Minimum LRs required to achieve a set statistical threshold
The statistical threshold is the minimum posterior probability of correct identification of all the victims
Percentage of simulated cases resulting in identification using (a) Identifiler® genotypes and (b) Identifiler® + recommended expanded-ESS
The success rates are based on the percentage of DNA · VIEW simulations that, with different prior probabilities, met the required LR to obtain a posterior probability of 99.9%
Discussion/conclusions
Under ideal circumstances comparisons would be made between human remains and direct reference samples, which provide extremely high LRs. However, this approach is often hampered by the lack of antemortem DNA records (or cellular material that can be used to generate a DNA profile) and the only option is to use the DNA profiles of relatives for comparison. The simulation exercise has provided a typical LR for 23 combinations of relatives and, equally importantly, provided a range of values that would be expected to be encountered in casework. The data presented are based on Caucasian data, and the values presented would change with different allele reference databases. The only data available for comparison are based on Identifiler® loci with a Hispanic database; the values for comparable relationships are all very similar (values are within 0.1% of each other).

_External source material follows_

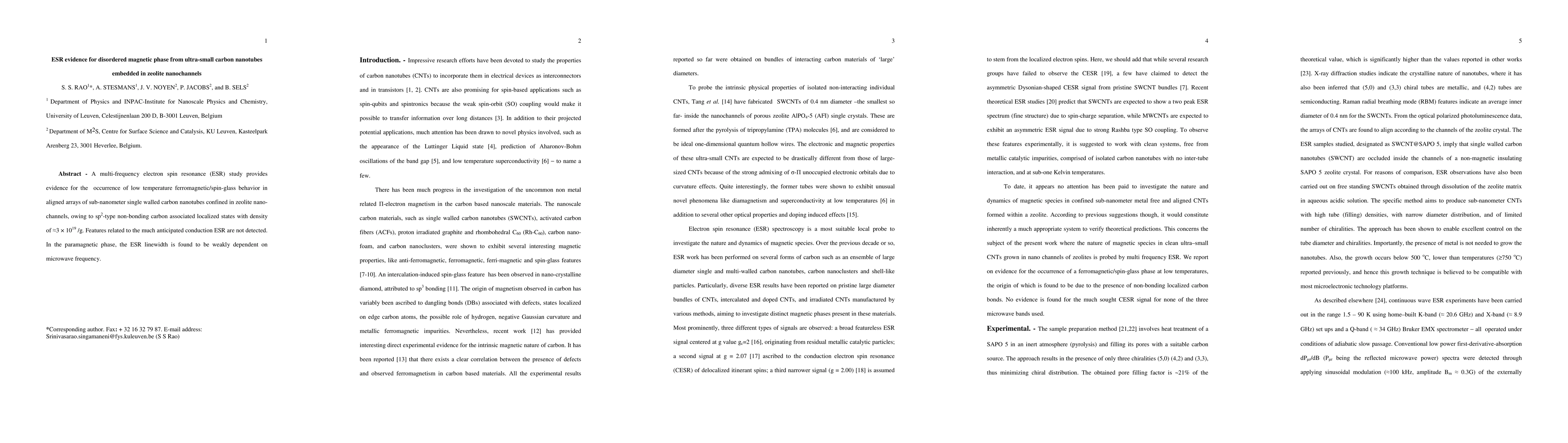 A multi-frequency electron spin resonance (ESR) study provides evidence for the occurrence of low temperature ferromagnetic/spin-glass behavior in aligned arrays of sub-nanometer single walled carbon nanotubes confined in zeolite nano-channels, owing to sp2-type non-bonding carbon associated localized states with density of ~3 x 1019 /g. Features related to the much anticipated conduction ESR are not detected. In the paramagnetic phase, the ESR linewidth is found to be weakly dependent on microwave frequency.

The different STR systems performed as expected in relation to each other. PowerPlex® 16, in most cases, outperformed Identifiler®. This is also seen when comparing typical paternity indices, and can be attributed to the Penta D and Penta E loci being more polymorphic than D2S1338 and D19S433 that are found in the Identifiler®. The FFFL loci did improve the LRs, but the e-ESS loci had a greater impact, partially because it comprised an extra five loci, as compared with the four loci in the FFFL, but also because the loci are more polymorphic. 14,19 In real casework the e-ESS loci will be a significant improvement over the FFFL loci as they have been selected in part to work with small PCR amplicons, and therefore are predicted to have a higher success rate with degraded DNA; this has already been demonstrated in multilab trials with DNA recovered from crime scenes. 15
The simulation function in DNA · VIEW provides a valuable tool to estimate the usefulness of different sets of relatives, and has already been used to provide guidelines to the forensic community. 8,11 In reality, when carrying out casework involving the identification of mass fatalities there may well be several confounding factors that are experienced that are not seen in computer-based simulations, for example: complications over which allele frequency database to use when there are victims of different geographical origins among the dead 7,13 ; ascertaining the correct biological relationship of individuals who are providing reference samples, the obvious example being samples from fathers who are not the actual biological father; the presence of multiple relatives among the victims, the likelihoods provided are based on the alternate hypothesis being that they are unrelated; and the profiles in the simulation are all complete, whereas in casework the degradation of DNA is a problem, with partial profiles often resulting, which will impact on the potential LR that can be obtained. Notwithstanding, the data presented provides a useful reference for organizations that are executing or planning identification programmes with a DNA component, illustrating what can potentially be achieved using different combinations of reference profiles in different scenarios. The simulations shown here illustrate the value of using the recommended expanded ESS loci, in addition to STR markers that are already in routine use.